Safe corpus processing:

```python
import docframe as df

framework = df.DocFrame()
results = await framework.process_many(
    ["good.pdf", "malformed.pdf"],
    continue_on_error=True,
)

for result in results:
    if result.errors:
        print(result.metadata.filename, result.errors)
```

## Supported Formats

- PDF: text and page metadata via `pypdf`
- DOCX: paragraphs and tables via direct OOXML package parsing
- DOC: OOXML extraction when possible, metadata-only fallback for legacy binary Word files
- CSV: table chunks via Python's standard `csv` parser
- XLSX/XLSM: worksheet tables via `openpyxl`
- JPG/JPEG/PNG: image metadata via `Pillow`

Images currently emit image chunks and metadata. OCR is intentionally a provider
extension point so teams can choose local OCR, cloud OCR, or multimodal AI.

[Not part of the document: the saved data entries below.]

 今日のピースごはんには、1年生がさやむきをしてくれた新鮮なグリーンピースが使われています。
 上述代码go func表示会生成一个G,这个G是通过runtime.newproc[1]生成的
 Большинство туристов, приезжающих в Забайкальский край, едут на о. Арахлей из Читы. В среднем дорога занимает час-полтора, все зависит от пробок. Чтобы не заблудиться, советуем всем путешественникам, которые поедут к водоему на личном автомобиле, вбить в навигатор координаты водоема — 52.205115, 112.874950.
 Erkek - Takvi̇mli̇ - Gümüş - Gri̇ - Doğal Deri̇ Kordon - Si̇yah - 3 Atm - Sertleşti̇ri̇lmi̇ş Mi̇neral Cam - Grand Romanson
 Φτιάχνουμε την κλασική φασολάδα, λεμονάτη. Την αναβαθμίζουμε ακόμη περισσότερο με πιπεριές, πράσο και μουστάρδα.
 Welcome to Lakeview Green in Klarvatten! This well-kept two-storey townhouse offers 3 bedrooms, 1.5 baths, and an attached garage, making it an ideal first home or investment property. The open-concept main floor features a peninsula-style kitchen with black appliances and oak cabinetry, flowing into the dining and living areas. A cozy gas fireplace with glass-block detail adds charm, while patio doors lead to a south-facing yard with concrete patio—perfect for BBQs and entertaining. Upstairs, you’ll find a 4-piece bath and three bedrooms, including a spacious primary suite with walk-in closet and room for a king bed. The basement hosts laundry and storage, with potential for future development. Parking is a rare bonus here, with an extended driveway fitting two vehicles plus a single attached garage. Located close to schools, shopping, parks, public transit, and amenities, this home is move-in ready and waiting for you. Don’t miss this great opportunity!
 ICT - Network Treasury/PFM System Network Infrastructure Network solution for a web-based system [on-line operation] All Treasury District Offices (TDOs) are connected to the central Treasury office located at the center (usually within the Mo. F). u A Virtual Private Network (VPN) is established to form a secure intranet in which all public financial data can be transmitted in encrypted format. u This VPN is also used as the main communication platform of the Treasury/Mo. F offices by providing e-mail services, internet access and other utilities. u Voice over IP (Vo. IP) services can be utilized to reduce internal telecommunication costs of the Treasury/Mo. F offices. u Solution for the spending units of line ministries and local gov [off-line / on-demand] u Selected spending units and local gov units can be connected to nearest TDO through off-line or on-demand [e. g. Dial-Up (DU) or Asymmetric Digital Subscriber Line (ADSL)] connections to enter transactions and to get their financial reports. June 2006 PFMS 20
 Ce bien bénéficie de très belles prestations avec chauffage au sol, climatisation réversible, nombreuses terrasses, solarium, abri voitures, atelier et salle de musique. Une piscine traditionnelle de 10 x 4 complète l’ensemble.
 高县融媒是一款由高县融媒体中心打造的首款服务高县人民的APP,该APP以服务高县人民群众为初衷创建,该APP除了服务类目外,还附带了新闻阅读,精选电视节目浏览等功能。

Many real corpora contain OOXML Word documents with a `.doc` extension. DocFrame
extracts those with the Word adapter and emits a warning. True legacy binary
`.doc` files emit metadata and a warning; convert them to `.docx` or register a
custom adapter when full text extraction is required.

## Core Concepts

- `DocFrame`: framework object for processing documents
- `DocumentAdapter`: parser for a file family
- `AdapterRegistry`: maps file extensions to adapters
- `DocumentResult`: normalized output for one document
- `DocumentChunk`: text, table, image, or metadata unit
- `Pipeline`: ordered post-processing steps
- `ProcessingOptions`: runtime limits and concurrency controls for large files

## CLI

```bash
docframe process FILE_OR_DIRECTORY
docframe process FILE_OR_DIRECTORY --format markdown
docframe process FILE_OR_DIRECTORY --recursive --out normalized.json
docframe formats
```

## Status

DocFrame is **public alpha** software. The core API, adapters, CLI, tests, MIT
license, and landing site are in place. See [PUBLIC_ALPHA.md](PUBLIC_ALPHA.md)
for the production-readiness checklist.

## Verify

```bash
python3 -m unittest discover -s tests
python3 -m compileall docframe tests
```

## Website

The static site lives in [site/index.html](site/index.html).

Run it locally:

```bash
python3 -m http.server 8080 -d site
```

Then open:

```text
http://127.0.0.1:8080/
```

## Deploy Static Site On Render

The repository includes a Render Blueprint in [render.yaml](render.yaml). It
publishes the static site from `site/` as `docframe-site`.

After pushing the repository to GitHub, GitLab, or Bitbucket:

```bash
git push -u origin main
```

Then create the Blueprint from the Render Dashboard:

```text
https://dashboard.render.com/blueprint/new
```

Connect the repository and Render will use `render.yaml` from the repo root.

## Corpus Utilities

Validate a private corpus before a release:

```bash
python3 scripts/validate_corpus.py test_corpus --out corpus-report.json
```

The validator exits nonzero if any supported file produces a structured error.
Use `--allow-errors` for exploratory runs where malformed files are expected.

Collect any supported corpus files by extension:

```bash
python3 scripts/collect_files.py "/path/to/archive" "/path/to/all_csv" --ext csv --dry-run --quiet
python3 scripts/collect_files.py "/path/to/archive" "/path/to/all_csv" --ext csv --quiet
python3 scripts/collect_files.py "/path/to/archive" "/path/to/all_images" --ext jpg --ext png --quiet
```

Collect PDFs from a deeply nested archive into one flat folder:

```bash
python3 scripts/collect_pdfs.py "/path/to/archive" "/path/to/all_pdfs" --dry-run --quiet
python3 scripts/collect_pdfs.py "/path/to/archive" "/path/to/all_pdfs" --quiet
```

The collector copies by default, avoids overwriting existing files, and gives
duplicate basenames a stable hash suffix.